[Data]:
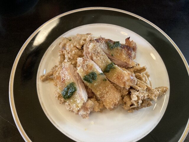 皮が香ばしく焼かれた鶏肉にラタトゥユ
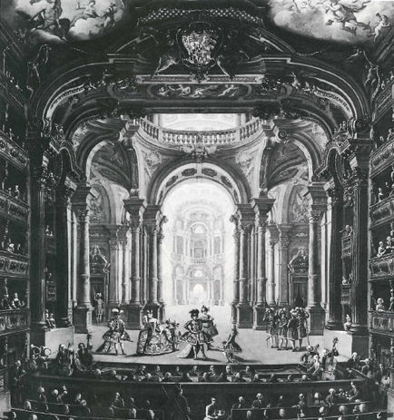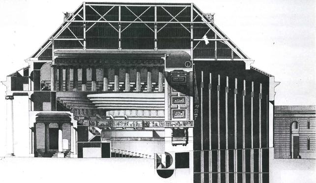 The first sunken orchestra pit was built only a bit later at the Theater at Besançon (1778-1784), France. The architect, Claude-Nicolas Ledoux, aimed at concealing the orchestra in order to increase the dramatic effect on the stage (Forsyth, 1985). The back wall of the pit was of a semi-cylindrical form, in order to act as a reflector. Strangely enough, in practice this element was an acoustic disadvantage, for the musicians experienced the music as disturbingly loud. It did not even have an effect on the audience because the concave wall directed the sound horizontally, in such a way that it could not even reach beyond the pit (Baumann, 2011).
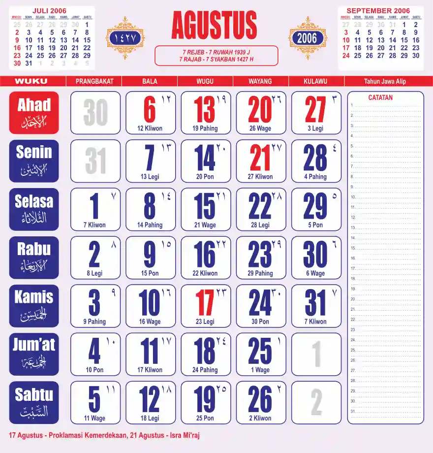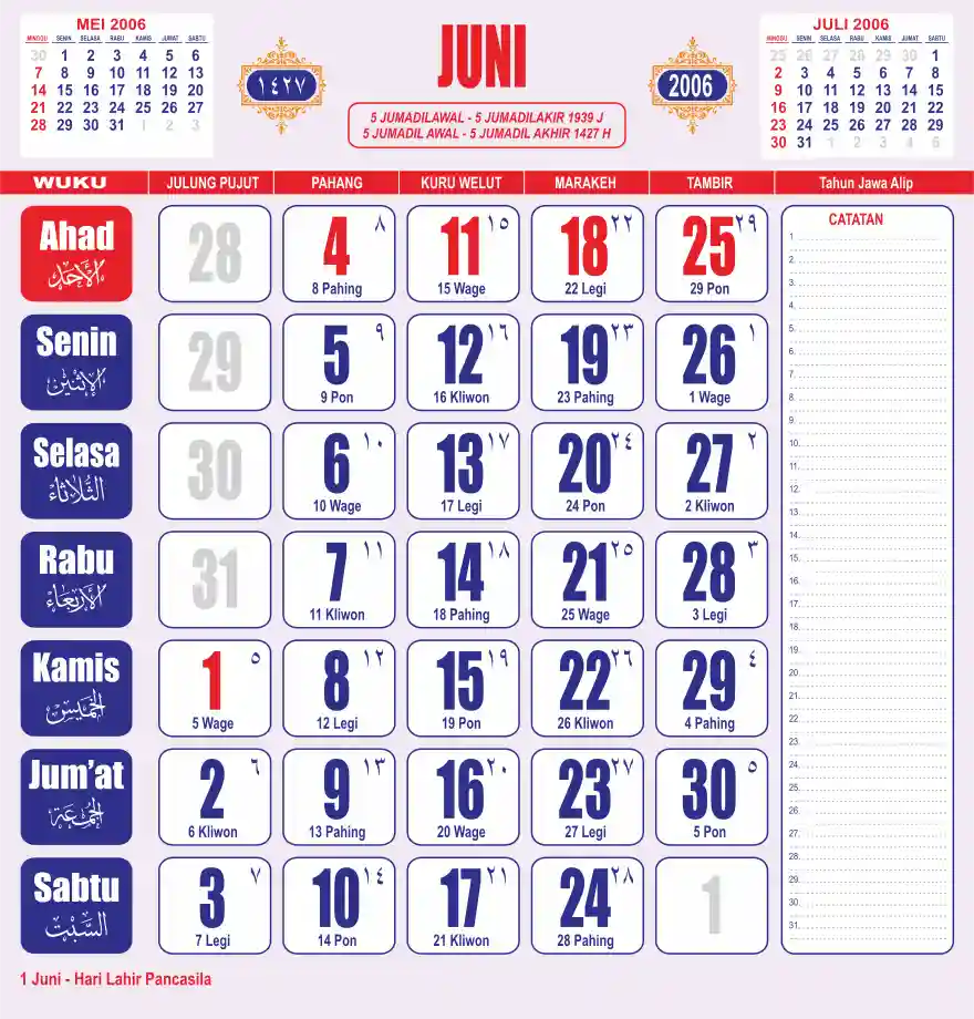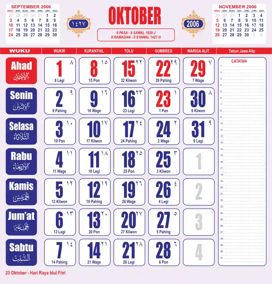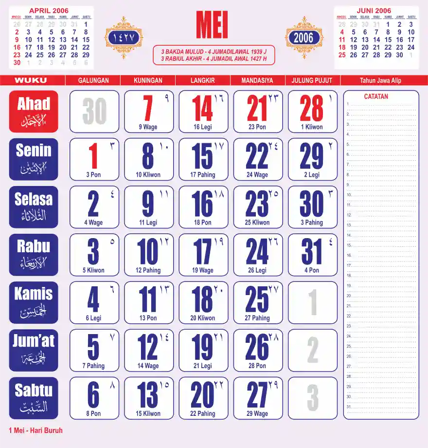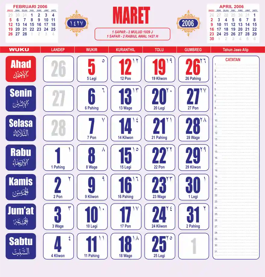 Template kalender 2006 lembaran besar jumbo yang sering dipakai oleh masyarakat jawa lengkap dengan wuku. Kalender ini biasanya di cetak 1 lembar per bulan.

[Task requirements]:
Restate the material above word for word; pictures do not belong in the copy.

[Exercise solution]:
 皮が香ばしく焼かれた鶏肉にラタトゥユ
 The first sunken orchestra pit was built only a bit later at the Theater at Besançon (1778-1784), France. The architect, Claude-Nicolas Ledoux, aimed at concealing the orchestra in order to increase the dramatic effect on the stage (Forsyth, 1985). The back wall of the pit was of a semi-cylindrical form, in order to act as a reflector. Strangely enough, in practice this element was an acoustic disadvantage, for the musicians experienced the music as disturbingly loud. It did not even have an effect on the audience because the concave wall directed the sound horizontally, in such a way that it could not even reach beyond the pit (Baumann, 2011).
 Template kalender 2006 lembaran besar jumbo yang sering dipakai oleh masyarakat jawa lengkap dengan wuku. Kalender ini biasanya di cetak 1 lembar per bulan.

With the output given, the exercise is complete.